### [What the task asks]
Locate the line containing "丰田考斯特改装商务车内饰的座" in the data below. Reproduce it and every following line up to the end, exactly as given.

[Items from a data source]
+ + + + +

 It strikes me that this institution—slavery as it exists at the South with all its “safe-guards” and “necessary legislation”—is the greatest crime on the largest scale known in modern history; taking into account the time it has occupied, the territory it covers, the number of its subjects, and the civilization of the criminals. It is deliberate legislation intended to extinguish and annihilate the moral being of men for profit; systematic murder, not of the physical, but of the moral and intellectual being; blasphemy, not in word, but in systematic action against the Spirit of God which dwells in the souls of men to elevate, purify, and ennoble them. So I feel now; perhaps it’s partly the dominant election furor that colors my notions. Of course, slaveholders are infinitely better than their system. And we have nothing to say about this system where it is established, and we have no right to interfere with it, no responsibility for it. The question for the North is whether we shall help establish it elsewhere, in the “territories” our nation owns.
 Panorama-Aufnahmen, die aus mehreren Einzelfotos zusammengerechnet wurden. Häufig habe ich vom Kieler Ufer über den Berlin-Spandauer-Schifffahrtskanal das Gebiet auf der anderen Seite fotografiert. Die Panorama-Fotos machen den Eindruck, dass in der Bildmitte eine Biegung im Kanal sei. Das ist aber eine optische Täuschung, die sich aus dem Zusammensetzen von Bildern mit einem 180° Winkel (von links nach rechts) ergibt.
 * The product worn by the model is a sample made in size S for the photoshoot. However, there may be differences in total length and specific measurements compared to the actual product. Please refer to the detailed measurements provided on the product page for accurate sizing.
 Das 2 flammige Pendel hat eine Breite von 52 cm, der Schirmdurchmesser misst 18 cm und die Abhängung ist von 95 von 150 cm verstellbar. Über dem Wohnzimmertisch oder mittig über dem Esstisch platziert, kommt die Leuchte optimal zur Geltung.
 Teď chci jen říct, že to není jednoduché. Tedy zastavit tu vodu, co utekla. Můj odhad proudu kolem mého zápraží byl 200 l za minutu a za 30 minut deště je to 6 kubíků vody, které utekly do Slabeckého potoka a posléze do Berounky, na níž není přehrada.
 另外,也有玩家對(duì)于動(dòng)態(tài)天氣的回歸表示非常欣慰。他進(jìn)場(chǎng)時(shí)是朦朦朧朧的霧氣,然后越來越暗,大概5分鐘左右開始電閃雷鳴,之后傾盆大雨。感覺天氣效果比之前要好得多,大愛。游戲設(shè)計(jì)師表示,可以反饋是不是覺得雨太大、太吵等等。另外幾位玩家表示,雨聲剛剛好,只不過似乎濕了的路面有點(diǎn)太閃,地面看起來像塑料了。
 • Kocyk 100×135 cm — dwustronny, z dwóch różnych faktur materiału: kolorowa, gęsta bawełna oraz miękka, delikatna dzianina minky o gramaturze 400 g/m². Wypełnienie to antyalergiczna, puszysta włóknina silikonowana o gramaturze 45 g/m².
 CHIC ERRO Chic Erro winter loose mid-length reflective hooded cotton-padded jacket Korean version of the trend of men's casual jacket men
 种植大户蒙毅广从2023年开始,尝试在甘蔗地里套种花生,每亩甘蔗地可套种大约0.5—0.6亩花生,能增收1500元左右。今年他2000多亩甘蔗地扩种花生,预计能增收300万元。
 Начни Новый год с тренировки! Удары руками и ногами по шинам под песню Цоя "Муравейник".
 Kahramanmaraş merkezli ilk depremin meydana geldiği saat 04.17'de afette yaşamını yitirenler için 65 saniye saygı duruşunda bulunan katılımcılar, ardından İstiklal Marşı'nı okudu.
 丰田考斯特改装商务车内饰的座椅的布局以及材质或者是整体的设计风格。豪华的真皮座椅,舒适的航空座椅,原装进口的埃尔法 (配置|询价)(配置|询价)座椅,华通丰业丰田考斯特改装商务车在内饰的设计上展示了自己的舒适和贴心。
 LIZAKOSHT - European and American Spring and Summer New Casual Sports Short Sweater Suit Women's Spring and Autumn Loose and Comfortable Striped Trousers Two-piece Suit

+ + + + +

### [Solution to this task]
 丰田考斯特改装商务车内饰的座椅的布局以及材质或者是整体的设计风格。豪华的真皮座椅,舒适的航空座椅,原装进口的埃尔法 (配置|询价)(配置|询价)座椅,华通丰业丰田考斯特改装商务车在内饰的设计上展示了自己的舒适和贴心。
 LIZAKOSHT - European and American Spring and Summer New Casual Sports Short Sweater Suit Women's Spring and Autumn Loose and Comfortable Striped Trousers Two-piece Suit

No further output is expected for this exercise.